Buying a car saved us thousands in rental car fees over the summer. But that savings was about to come to an end. When I called up the shipping company to arrange for them to pick up the car in Cheney, they told me it would cost $7,000 to ship the car, much more than I was originally told it would.
But it would be half that if we shipped the car from Washington, D.C. I received the news by e-mail Thursday morning. I spent most of the morning freaking out. When I finished freaking out, I came up with a plan.
I would drive the car across the country.
We were scheduled to fly from Spokane to Washington, D.C. early Saturday morning, arriving to Dulles around four in the afternoon. A quick search of Google Maps told me it would take about 36 hours to make the trip, not counting gas and rest stops. I quickly packed my two bags and loaded the bike boxes and a few other pieces of luggage into the car so Elise and the kids wouldn't have to check them. Elise's mom packed a bag of snacks that would sustain me across 11 states and I borrowed a road atlas from her dad. After a few entirety too-hasty goodbyes, I left Cheney at four in the afternoon. I did the math in my head, constantly recalculating after every bathroom break, fill up, or coffee stop; I could sleep for seven hours and still make it to D.C. in time to check into our temporary corporate housing apartment, drop off the bike boxes, and pick Elise and the kids up at Dulles airport by the time they landed and collected their luggage.
How was the drive?
Honestly? A blur.
The mountains in Montana are beautiful. I drove too fast through Montana.
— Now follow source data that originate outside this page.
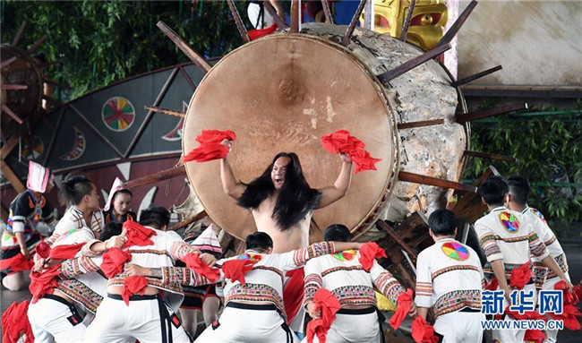 基諾族演員在表演大鼓舞(6月1日攝)。
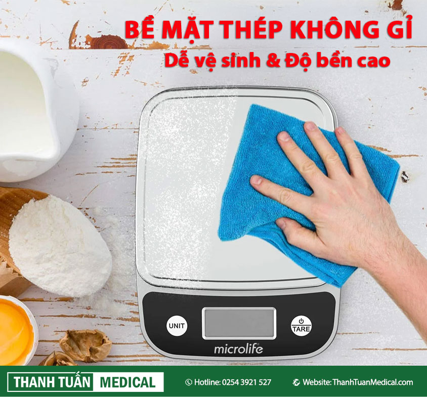 - Bá» mặt cân cân thép không gỉ và nhá»±a cao cấp siêu bá»n, chống thấm nước giúp dá»… dà ng vệ sinh.
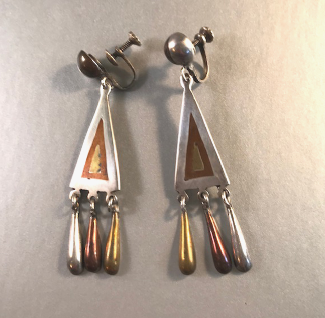 MEXICO pendant earrings in sterling silver, copper and gold mixed metals, one earring marked on the back “Hencho Made in Mexico, Taxco, 925″ and more difficult to read marks. They are screw back earrings that are 2-1/2″ long from the very top to the bottom and 5/8” at the widest. Even the ball tops are … Continue reading “MEXICO pendant earrings in sterling silver, copper and gold mixed metals”

The Starbucks in Missoula closes at 7:30. I pulled into Missoula at eight, so had to drink McDonald's coffee. With only seven hours of sleep, the plan was to drive as much as I could the first night, so I could get a solid four or five hours the second. I never got drowsy.
Lightning flashed overhead in South Dakota, brilliant streaks that slashed and sliced open the sky, illuminating the prairie like a strobe light, ions dancing off the bolts of lightning until they dissolved in the electrified air. Mazzy Star 'Fade Into You' played on the radio. My downloaded music mix lasted 24 hours.
I pulled over in a rest area for two hours after driving around a doe parked on the divided yellow line. It didn't look real. It never turned its head and seemed to lack color under the car's headlights. Elise had warned me about deer multiple, multiple times, so after seeing one, though I wasn't sleepy, I parked at the edge of the rest area from 1:00 to 3:00 a.m. I wrapped myself in Peter's thermal blanket and stretched myself over the center console, putting one foot on the dashboard and one foot in the passenger foot well. I dozed off for half an hour, but mostly stared through the windshield at the interminable darkness, willing dawn to come.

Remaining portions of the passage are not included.